Russia is developing a smaller Starlink and will continue to operate until 2027



Russia intends to launch a commercial version of its domestic answer to Starlink next year, according to people familiar with the program cited by Reuters.

Constellation is called Rassvet, the operator is a private aerospace firm called Bureau 1440, and its ambition is deliberately narrower than its rival American network.

Libra tells the story. SpaceX launched thousands of Starlink satellites into low Earth orbit. Bureau 1440 plans to reach commercial service in the high hundreds of constellations in 2027, with 288 to 292 satellites listed for the first operational phase, and a longer-term goal of around 900 by the mid-2030s.

Moscow has conceptually described the goal as something like this for years Starlink More than a similar match and the numbers keep that promise honest.

The hardware is longer than the rhetoric alone suggests. In March, the company launched 16 operational satellites on March 23, following the launch of experimental ships in 2023 and 2024 as part of the Rassvet-1 and Rassvet-2 test programs.

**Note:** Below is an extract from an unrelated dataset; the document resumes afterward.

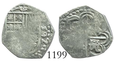 Seville, Spain, cob 1 real, 1592(B). CT-672. 3.4 grams. Bold date, nice upper-left quadrant of shield and lower-right quadrant (castle) of cross, also fleur below crown, but all the rest flat due to uneven flan, otherwise VF+ and attractively toned.
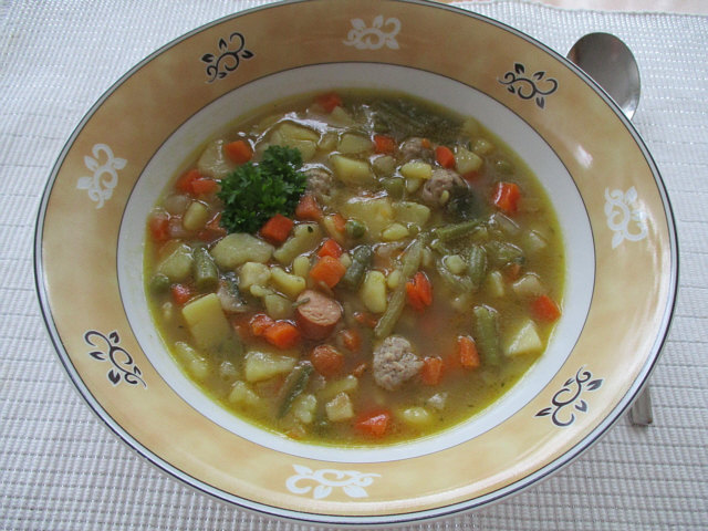 Mittags Hühnerbühe-Suppengemüse-Suppe.

The bureau described the 1,440 satellites as carrying 5G non-terrestrial network communications, laser intersatellite communications, an improved power system and plasma thrusters, standard kit for a modern broadband constellation.

Dmitry Bakanov, head of the Roscosmos space agency, told Reuters last September that several test vehicles already in orbit had been checked and production satellites had been replaced accordingly.

Transmission targets are also published. Bureau 1440 announced speeds per subscriber ranging from 50 megabits to one gigabit per second, with planned coverage in more than 70 countries.

These numbers are more claims than demonstrated performance, the difference between a constellation on a slide and a paid traffic carrier, and only a commercial release will put them to the test.

At least the money is put on paper. The Russian government has committed 102.8 billion rubles, about $1.26 billion, to Rassvet, and Bureau 1440 says it will add about 329 billion rubles, about $4 billion, by 2030.

The company has potential demand for 1.5-2 million subscribers in Russia, and around 12 million worldwide, and the coverage is planned to cover more than 70 countries.

2027 deserves a mention. The previous target was lost amid production shortages, the kind of detail that is repeated in constellation programs everywhere, not just in Russia.

Creating satellites is a challenge; building them fast enough is different and more difficult with the numbers required by a useful network. The 16 operational ships currently in orbit are the start of the number that must clear 250 before serving paying customers.

At the bottom of the trade is a strategic axis. A sovereign broadband network independent of a foreign operator is attractive to any government watching Starlink become a factor in the war in Ukraine.

Whether Rassvet fits the schedule and Bureau 1440’s ability to advertise is a question 2027 will answer. Horoscope, for now, is basically a plan with a starting cadence added.